EXERCISE OBJECTIVE =
Starting with the first line of the records, write out each line exactly until you have included the line containing "Operater je osoba".

Collected data =

- - - - - - -

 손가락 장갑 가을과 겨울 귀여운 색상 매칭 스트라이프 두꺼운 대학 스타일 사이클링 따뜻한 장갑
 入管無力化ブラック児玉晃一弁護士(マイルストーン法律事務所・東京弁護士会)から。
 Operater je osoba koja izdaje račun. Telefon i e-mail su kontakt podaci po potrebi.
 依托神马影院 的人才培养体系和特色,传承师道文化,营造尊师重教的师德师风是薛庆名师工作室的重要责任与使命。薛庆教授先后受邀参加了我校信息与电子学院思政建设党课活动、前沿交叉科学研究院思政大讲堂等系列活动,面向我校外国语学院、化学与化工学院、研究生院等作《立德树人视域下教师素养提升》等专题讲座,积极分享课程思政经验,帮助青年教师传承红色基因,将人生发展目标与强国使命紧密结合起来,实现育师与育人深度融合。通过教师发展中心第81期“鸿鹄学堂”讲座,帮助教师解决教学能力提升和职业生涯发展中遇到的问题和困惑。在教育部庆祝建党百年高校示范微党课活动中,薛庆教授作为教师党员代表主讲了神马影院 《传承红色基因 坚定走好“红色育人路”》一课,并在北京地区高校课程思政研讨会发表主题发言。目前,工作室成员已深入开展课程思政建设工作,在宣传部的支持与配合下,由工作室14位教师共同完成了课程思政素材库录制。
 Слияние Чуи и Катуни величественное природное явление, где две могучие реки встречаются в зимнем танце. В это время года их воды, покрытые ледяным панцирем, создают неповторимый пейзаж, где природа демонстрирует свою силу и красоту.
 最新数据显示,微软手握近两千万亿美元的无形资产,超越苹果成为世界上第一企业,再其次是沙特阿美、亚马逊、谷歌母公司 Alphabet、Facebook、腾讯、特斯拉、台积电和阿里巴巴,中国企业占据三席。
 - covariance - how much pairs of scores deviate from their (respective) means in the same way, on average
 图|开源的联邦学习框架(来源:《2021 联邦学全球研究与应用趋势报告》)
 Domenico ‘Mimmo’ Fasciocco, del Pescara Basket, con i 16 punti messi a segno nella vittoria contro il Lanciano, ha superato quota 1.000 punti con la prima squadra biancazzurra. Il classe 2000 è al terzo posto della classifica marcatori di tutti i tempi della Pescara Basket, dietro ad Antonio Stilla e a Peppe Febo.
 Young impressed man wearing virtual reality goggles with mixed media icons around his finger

- - - - - - -

TASK OUTPUT =
 손가락 장갑 가을과 겨울 귀여운 색상 매칭 스트라이프 두꺼운 대학 스타일 사이클링 따뜻한 장갑
 入管無力化ブラック児玉晃一弁護士(マイルストーン法律事務所・東京弁護士会)から。
 Operater je osoba koja izdaje račun. Telefon i e-mail su kontakt podaci po potrebi.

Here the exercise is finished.